Closed camiplata closed 5 months ago

camiplata commented 5 months ago

see: https://www.catalogueoflife.org/data/taxon/D5LL

Captura de pantalla 2024-06-06 a la(s) 6 55 52 p m
mdoering commented 5 months ago

@yroskov this is blocking the annual release!

mdoering commented 5 months ago

The problem still comes from the accidental ITIS merge into the project a while ago. I had removed all new ITIS names and name_usages, but not the merged references.

And the problem is much bigger than that still, there are 23.626 secondary sources where ITIS is used to either add the publishedIn nomenclatural reference, the missing name authorship and even to augment the classification with missing ranks!

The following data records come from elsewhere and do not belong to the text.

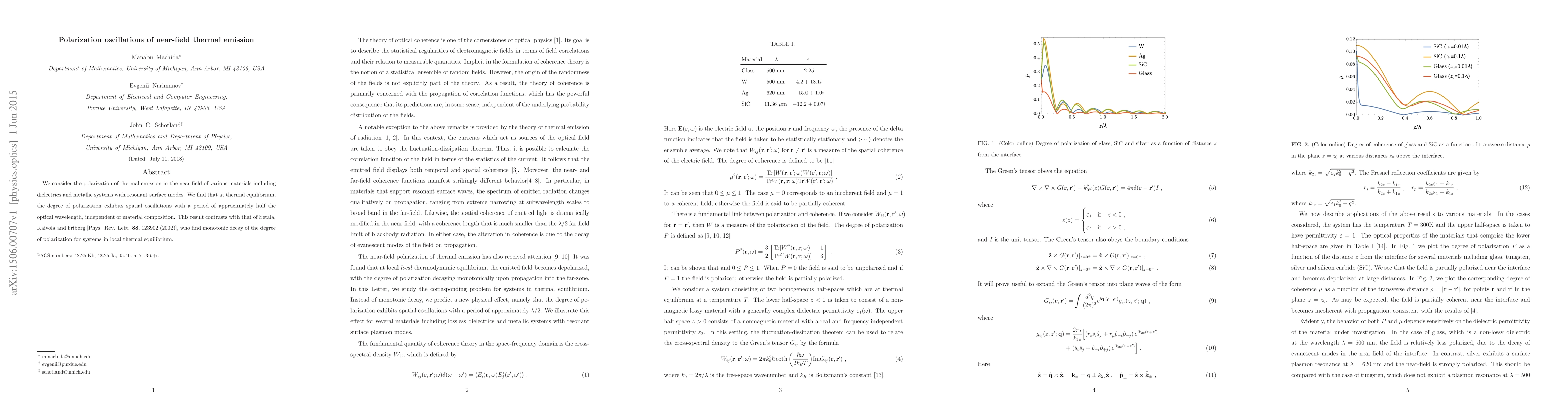 Researchers found that thermal emission from materials in near-field conditions exhibits polarization oscillations with a period of approximately half the optical wavelength, contrasting with previous findings.
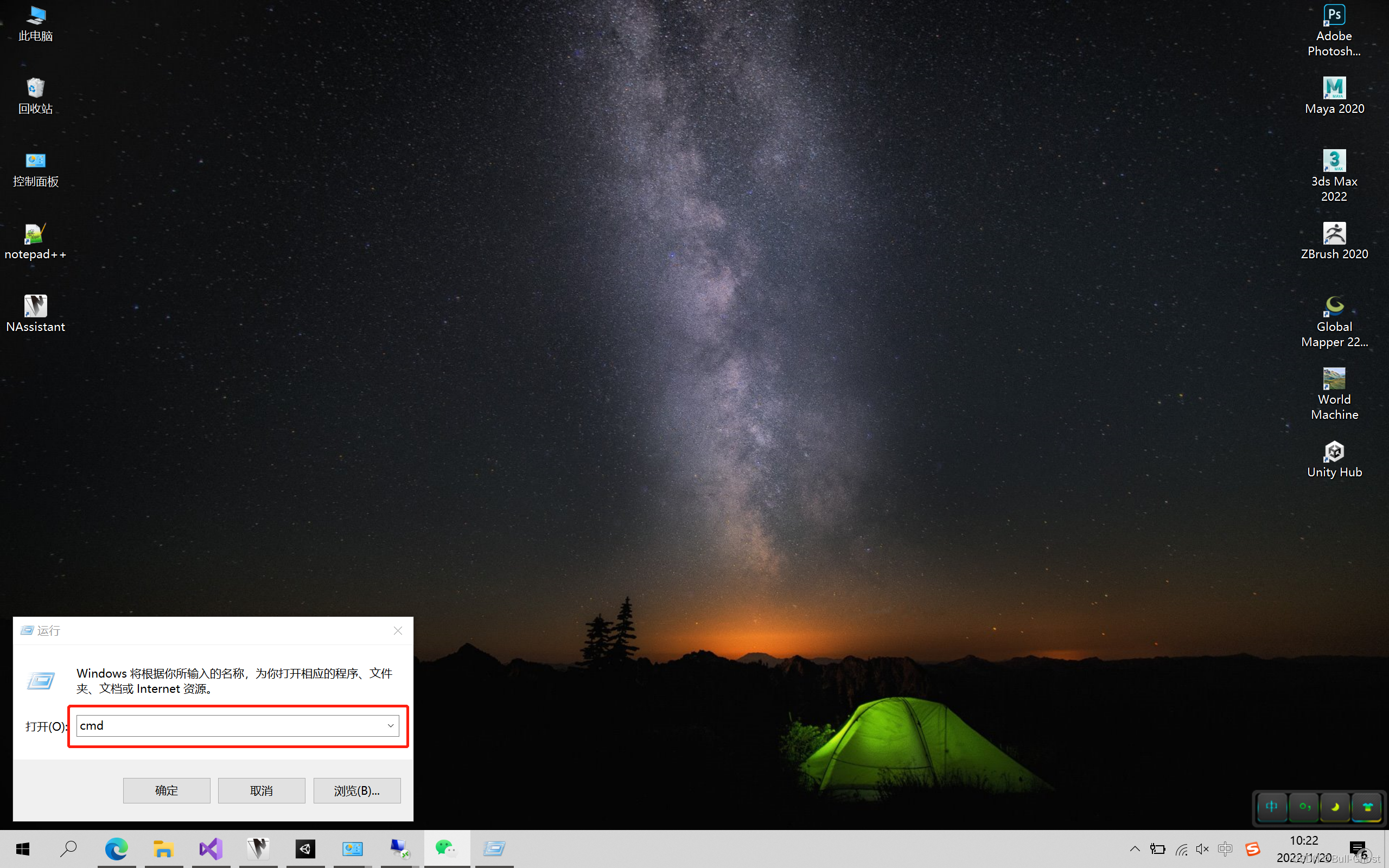 首先在桌面同时按住win+r键,键盘输入cmd回车
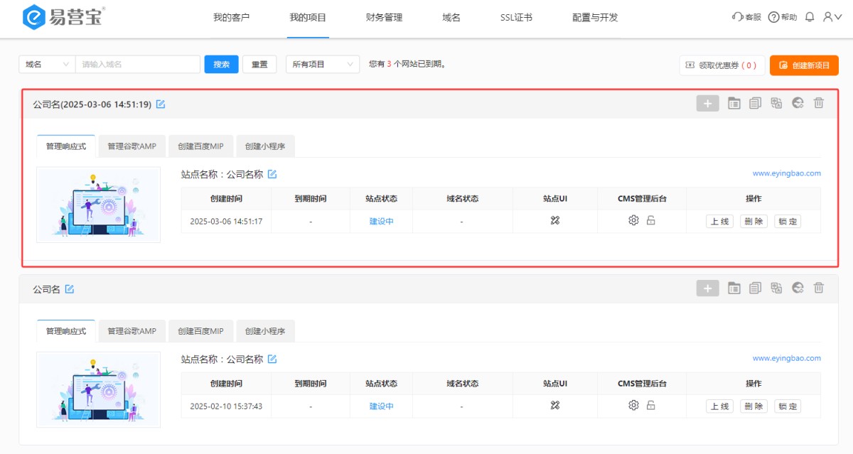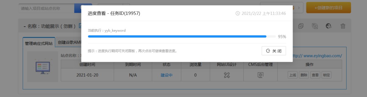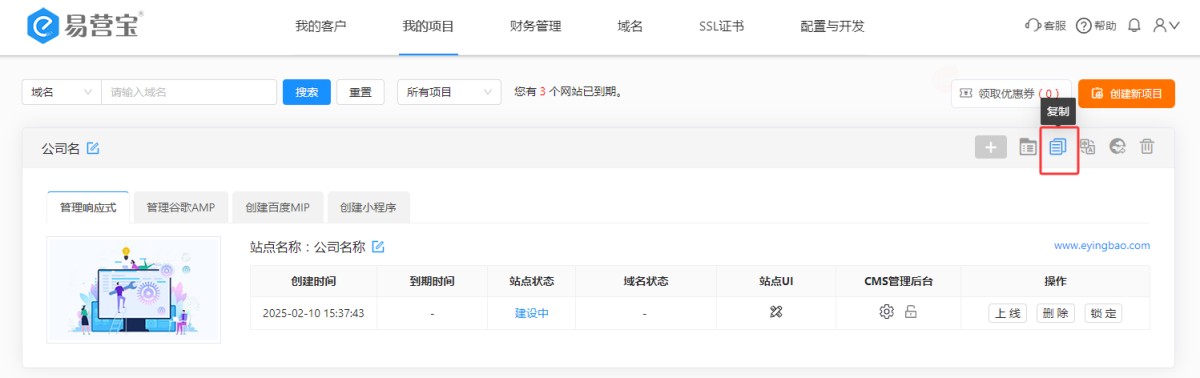 6,复制完成后,会在账号里生成副本。复制出来的新网站与原网站可以各自修改,互不影响。
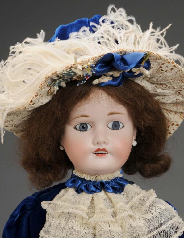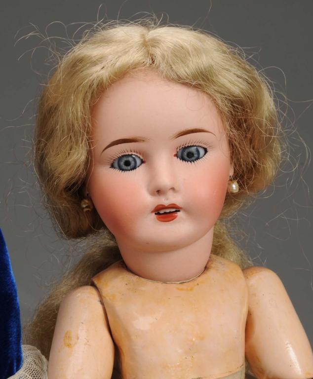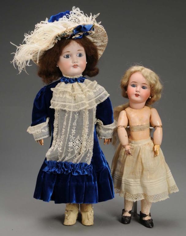 French, circa 1900. One with bisque socket head incised Limoges France. Blue sleeping eyes, open mouth with teeth, pierced ears, replaced mohair-type wig, and original jointed French composition body. Wearing original underwear, shoes and socks. One hand is flaking, and one is replaced. Also tiny wig pull. The other doll with bisque socket head incised Limoges France. Blue paperweight eyes, open mouth with teeth, pierced ears, original human hair wig, and original jointed French composition body. Wearing fancy new blue velvet dress and matching hat. Wear and flaking, scratch on eye, and tiny under paint eye flake. Condition (Good). Size Largest: 23" T.
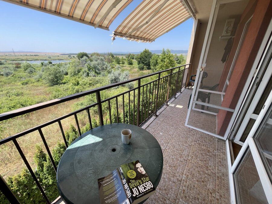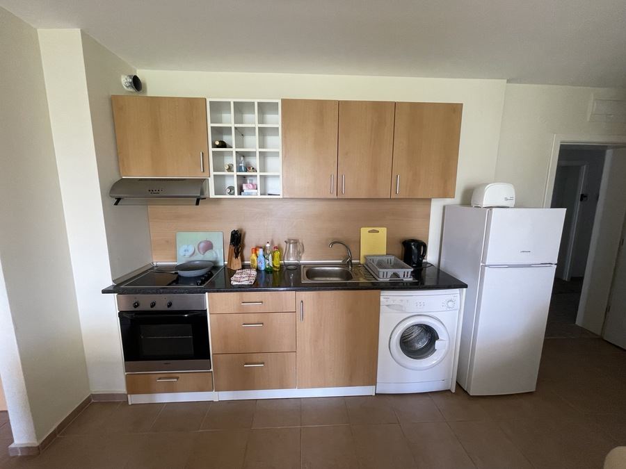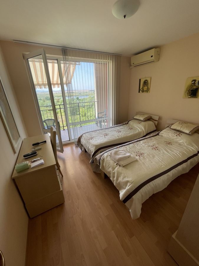 A small two-bedroom apartment in a secure residential complex in Sunny Beach is an ideal place to live for those seeking comfort and convenience in the resort. With a net area of 68.41 m2, it is distributed between a living room with kitchenette, two bedrooms, a bathroom with toilet, and a terrace overlooking the quiet part of the complex. The apartment is located on the third floor, which offers a wonderful view of the complex.
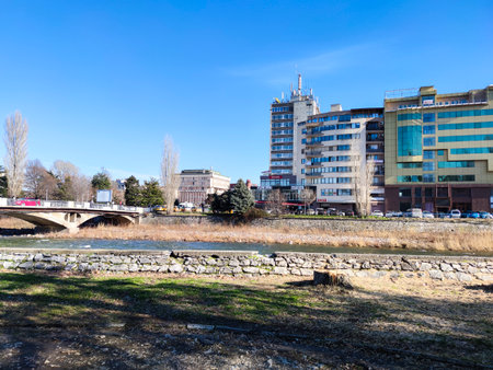 Nis, Serbia - August 28, 2019: Citiscape of river Nisava and a quay promenade on summer sunny day in the city of Nis, Serbia
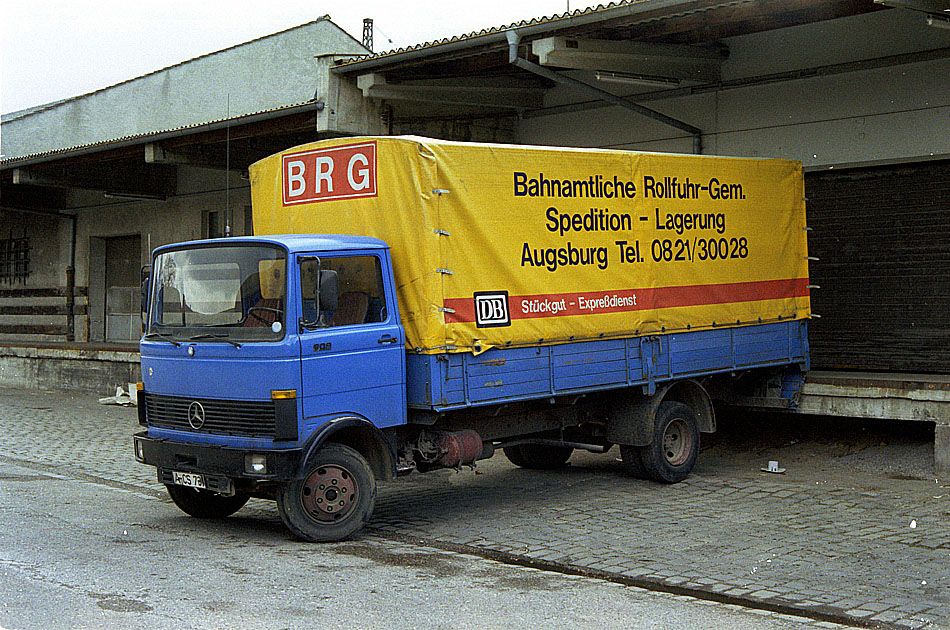 Mercedes der Bahnamtlichen Rollfuhr Gem. (BRG) Augsburg in den Achtzigern in Augsburg.
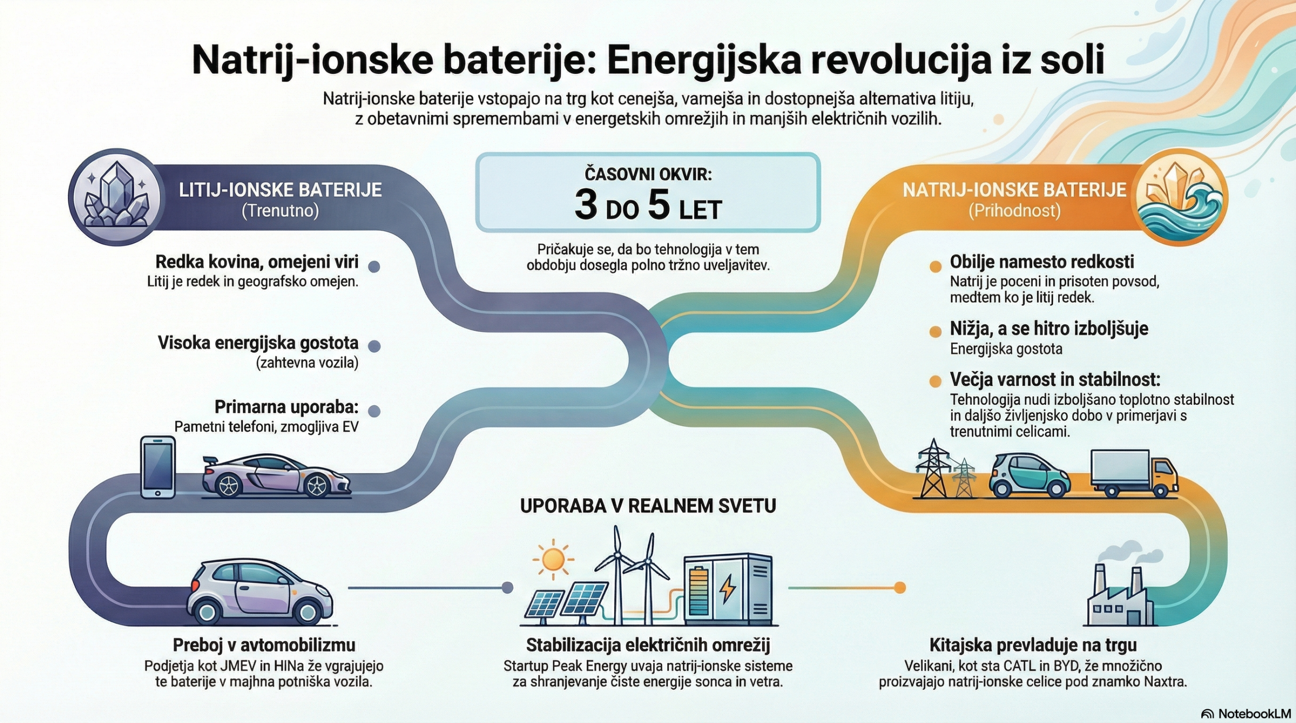 Prispevek opisuje vzpon natrij-ionskih baterij kot ključne tehnološke inovacije, ki predstavlja cenejšo in varnejšo alternativo uveljavljenim litijevim celicam. Zaradi široke dostopnosti natrija in izboljšane termične stabilnosti se ta tehnologija že uveljavlja v električnih vozilih ter pri shranjevanju energije v elektroenergetskih omrežjih. Glavno vlogo pri razvoju imajo kitajska podjetja, kot sta CATL in BYD, ki pospešeno gradijo obrate za serijsko proizvodnjo. Čeprav je njihova energijska gostota trenutno nižja, se učinkovitost baterij nenehno povečuje, kar omogoča uporabo v manjših avtomobilih in logističnih sistemih. Tehnologija obeta znižanje stroškov prehoda na čisto energijo in manjšo odvisnost od redkih surovin. Izvorno besedilo izpostavlja te baterije kot enega od prelomnih dosežkov, ki bodo v prihodnjih letih preoblikovali energetski trg.
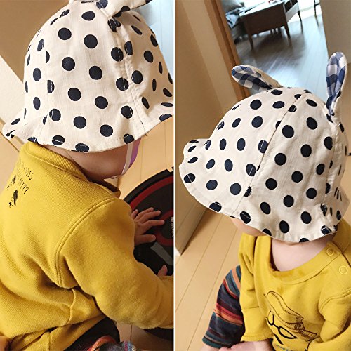 WeddingPach赤ちゃん帽子 ひよけ バケットハット ユニセックス 水玉柄 かわいい 通気性抜群6-18ヶ月 キッズハット 春 夏 旅行 外出用 (ネイビー, 6-18ヶ月)
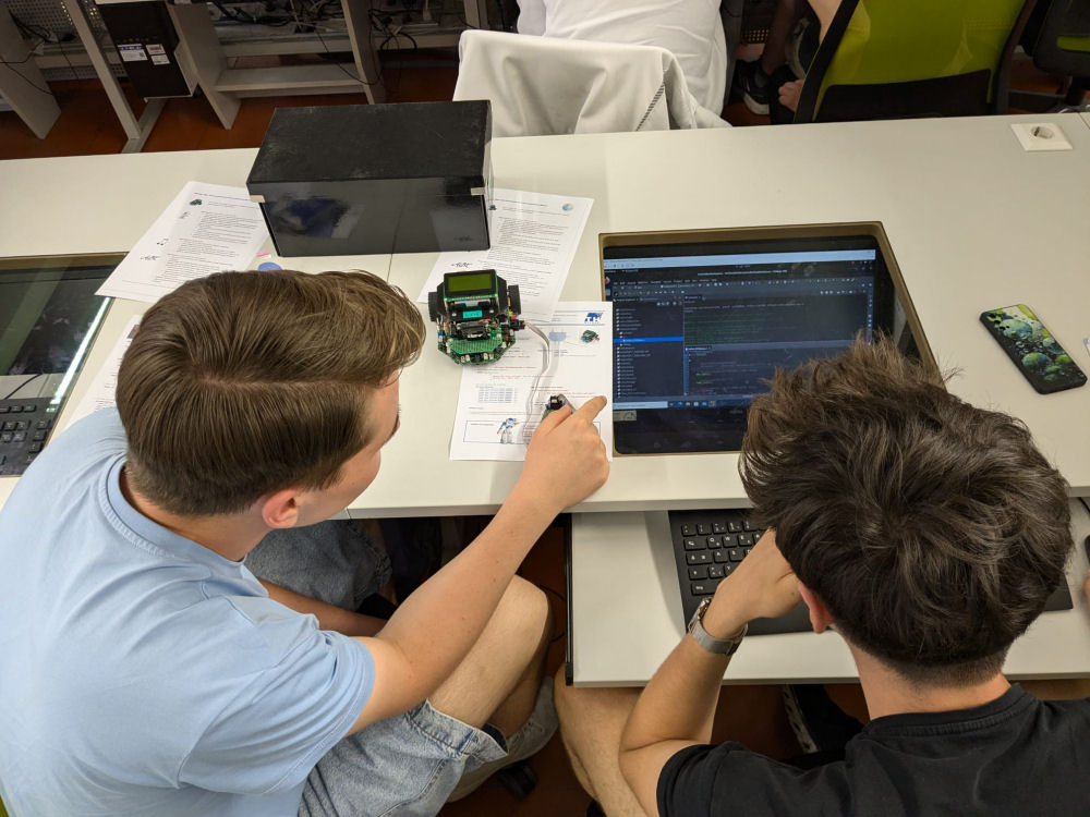 der Exkursionswoche am 11. Juli 2024 die Technische Hochschule Wildau. Im RoboticLab programmierten die Schüler unter C den mobilen Roboter Nibo2 und brachten ihn dazu, vor Hindernissen zu halten oder "Alle meine Entchen" zu spielen. Nach der Stärkung in der Hochschulmensa ging es dann bei einer umfangreichen Campus-Tour rund um Themen wie Studienmöglichkeiten, Wohnheimplätze und Studienfinanzierung.

 source_dataset_key |     type     | count 
--------------------+--------------+-------
               2144 | AUTHORSHIP   | 15865
               2144 | PUBLISHED_IN |  7049
               2144 | PARENT       |   712
mdoering commented 5 months ago

I will try to reset the data so that authorship and published_in are empty again. The parent classification change I don't know how to fix. It might be best to sync effected sectors again. I will try to get an overview which these are, could be a lot...

Here are 10 examples:

clb=> select * from verbatim_source_secondary where dataset_key=296511 limit 10;
  id   | dataset_key |     type     | source_id | source_dataset_key 
-------+-------------+--------------+-----------+--------------------
 7DZL  |      296511 | PARENT       | 12861     |               2144
 QK4   |      296511 | PARENT       | 12866     |               2144
 79X   |      296511 | PUBLISHED_IN | 11582     |               2144
 85X   |      296511 | PUBLISHED_IN | 955037    |               2144
 853H3 |      296511 | PUBLISHED_IN | 977988    |               2144
 CB73F |      296511 | AUTHORSHIP   | 64636     |               2144
 CBBXM |      296511 | AUTHORSHIP   | 66003     |               2144
 84KL9 |      296511 | PARENT       | 67644     |               2144
 84KR6 |      296511 | PARENT       | 67665     |               2144
 CCF9W |      296511 | AUTHORSHIP   | 67772     |               2144

CLB:

API:

mdoering commented 5 months ago

A PARENT case Sciadophycus E.Y. Dawson, 1944 from IRMNG has the following classification:

unranked: Biota kingdom: Plantae phylum: Rhodophyta subphylum: Eurhodophytina class: Florideophyceae Cronquist order: Rhodymeniales F. Schmitz family: Rhodymeniaceae Harvey, 1849 genus: Sciadophycus E.Y. Dawson, 1944

The original IRMNG one is this:

unranked: Biota kingdom: Plantae Haeckel, 1866 phylum: Rhodophyta subphylum: Eurhodophytina class: Florideophyceae Cronquist order: Rhodymeniales F. Schmitz family: Rhodymeniales incertae sedis genus: Sciadophycus E.Y. Dawson, 1944

ITIS has:

kingdom: Plantae subkingdom: Biliphyta phylum: Rhodophyta subphylum: Eurhodophytina class: Florideophyceae subclass: Rhodymeniophycidae order: Rhodymeniales family: Rhodymeniaceae genus: Sciadophycus

You can see IRMNG did not have a family (Rhodymeniales incertae sedis), which was then added by the ITIS merge as Rhodymeniaceae. Nice to see that the merge did a good job, but I have no idea how to revert that in the project at this stage - other than syncing again IRMNG which might be more troublesome than keeping the hierarchy insertions.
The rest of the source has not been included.